De la trivialité héroïque des banalités incomprises
A chaque fois que nous portons le masque, à chaque fois que nous acceptons la piqûre pour pouvoir partir en vacances, à chaque fois que nous faisons mine de prendre au sérieux les délires gouvernementaux, nous hâtons la transformation progressive de notre société en camp de concentration, c'est-à-dire en collectivité dont l'absolu orthopraxique s'est entièrement et définitivement substitué au sens. Pire : nous l'appelons de nos vœux.
Il ne s'agit pas de peser au trébuchet de la Science l'efficacité de telle ou telle de ces pratiques, ou l'intention et les compétences de ceux qui les ont mises en pratique, mais de mesurer le basculement paradigmatique qu'implique la réduction de notre vie sociale à un discours performatif sur l'efficacité, à un protocole de survie encadré par des normes.
Une très grande majorité d'entre nous ne voit pas encore que la totalité de notre édifice social est en train de vaciller sur ses fondations et menace de s'effondrer sur nos têtes. Comme il n'échoit plus à aucun souverain la responsabilité de décider de l'exceptionnel (Carl Schmitt), et donc de circonscrire l'état de droit dans des limites qui en garantissent l'effectivité, voilà que l'exceptionnel déborde de partout, que l'arbitraire devient la norme et que l'"état d'urgence" se confond avec la loi ordinaire. D'institution asservie au bien commun, l'état de droit s'est mué en mythologie fondatrice de l'appétit de puissance et du désir de servitude. Bien qu'ils paraissent contradictoires, ces deux affects sont d'autant plus compatibles et articulés l'un à l'autre qu'ils sont au fond de même nature. N'est-ce pas le même refus de la limitation humaine qui produit chez les uns, sous forme de peur devant la mort, la laisse dont les autres savent se servir pour asseoir leur domination réelle ? Aux uns la crainte biologique et la quête de quiétude par le divertissement, aux autres la haine métaphysique de la finitude et le dépassement de l'angoisse dans l'ivresse du pouvoir.
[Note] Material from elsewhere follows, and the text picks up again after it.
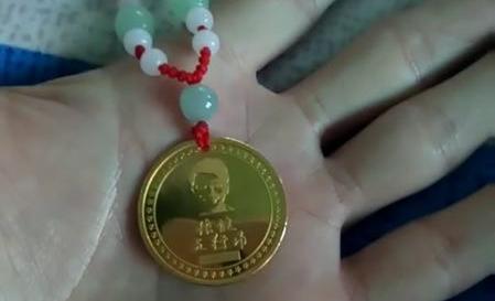 微信正聊着,张灿给记者发来一个视频,摇晃着一个纽扣大小的金色的硬币,上面刻的是“张健五行币”,并且有一个男子的头像。

Dès lors, sous l'apparence continuée des formes juridiques héritées du passé, plus RIEN ne nous protège, ni institutions, ni justice, ni parti d'opposition. Il faut que nous prenions conscience que nous sommes entièrement nus, livrés sans défense aux appétits déchaînés d'une oligarchie devant laquelle ont été abaissées toutes les barrières sociales, toutes les réactions immunitaires que déploie d'habitude une civilisation quand elle est confrontée à la barbarie.
Nous ne pouvons plus compter sur rien ni personne. Notre avenir est entre nos mains. Il se construit dans les plus petits gestes de notre vie quotidienne, dans la trivialité héroïque des banalités incomprises.